Если Батай еще верит в восстановление утраченной гармонии через растрату, то для Пригова такая вера невозможна. Неостановимая растрата всего и вся приобретает онтологическое значение лишь потому, что только она оказывается константной в любой сфере, в любом измерении существования. Однако в разных своих книгах, и в «Проклятой доле», и в «Теории религии», и в «Литературе и зле», Батай на различных примерах разрабатывает один и тот же тезис: что растрачено (принесено в жертву, пожрано, сожжено, убито), то становится сакральным. Именно в результате процесса растраты, уничтожения чего-то ценного преодолевается, по Батаю, отчуждение человека от мира, что, в свою очередь, позволяет ощутить интимную близость с божеством, миропорядком и т. п.: см. приведенную выше цитату о том, что потлач позволяет субъекту «сочетать безграничное движение Вселенной с присущей ему самому ограниченностью». Переживание этого момента интимной близости с миропорядком Батай и определяет как сакральное. Пригов же идет иным путем: чаще всего он добивается растраты путем гиперсакрализации – преувеличенно-экзальтированной, экстатической манеры речи, которая, возвышая объект, подвергает его радикальной деконструкции[62].

Гиперсакрализация

Как утверждает Бурдье, любой ортодоксальный дискурс «скрывает иную, еще более радикальную цензуру – открытое противопоставление „правильных“ и „неправильных“ мнений ‹…› в свою очередь, маскирует фундаментальную оппозицию между вселенной вещей, о которых можно говорить и, следовательно, думать, и вселенной того, что принимается без обсуждений и обдумывания» [Bourdieu 2010: 169–170]. Приговский же квазиавтор в порыве сакрализующего экстаза, наоборот, раскрывает и выговаривает все, что принимается на веру, все, что не только сказать нельзя, но и недопустимо и помыслить.

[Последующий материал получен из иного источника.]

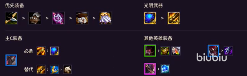 其次羊刀、輕語(yǔ)、殺人也都可以選擇。肉裝給到前排加里奧即可,多余的物理輸出裝可以給到阿克尚。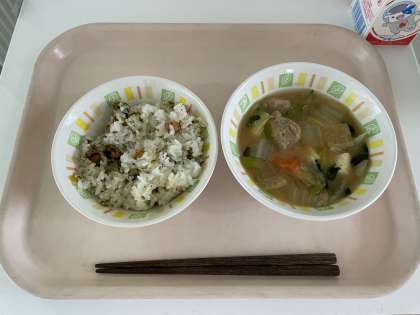 節分ごはんは、大豆に片栗粉をまぶしてカリッと揚げて、甘辛いタレと青のりで和えてから、ごはんに混ぜ合わせて作りました。つみれ汁は、食べやすいように、イワシのすり身とタラのすり身を合わせて、味噌など調味料を加えて、出汁の中に摘み入れました。

Вероятно, такой принцип дискурсивной растраты был подсказан самой позднесоветской культурой, именно посредством гипертрофированной сакрализации, доведшей все дискурсы власти до откровенного абсурда. Одной из важнейших форм «доведения до абсурда» было скрещивание советской идеологии с риторикой сакрализации: «священными» в 1970‐е годы стали память о российской истории и о победе в Великой Отечественной войне, русская природа и многое другое [Штырков, Кормина 2015; Штырков 2016]. Это нагнетание консервативной по своему смыслу риторики сакрализации произвело двоякий эффект. С одной стороны, в обществе образовался устойчивый «запрос на мирское сакральное», который оказал сильнейшее воздействие на возрождение религиозной жизни в конце 1980‐х годов. С другой стороны, критически настроенные советские жители воспринимали «инфляцию сакрального» со все большей иронией. Именно остраненное изображение и перформативное представление – артистическое обыгрывание – этой инфляционной, форсированной, восторженно-хвалебной риторики мы и называем гиперсакрализацией. Для Пригова такое обыгрывание стало важнейшей стратегией уже в середине 1970‐х. Поэтому он так часто использует такие риторические формы брежневской культуры, как официальные некрологи или «обращения к населению», наподобие лозунгов ЦК КПСС к 1 мая, неизменно публиковавшихся в одном из последних апрельских номеров «Правды».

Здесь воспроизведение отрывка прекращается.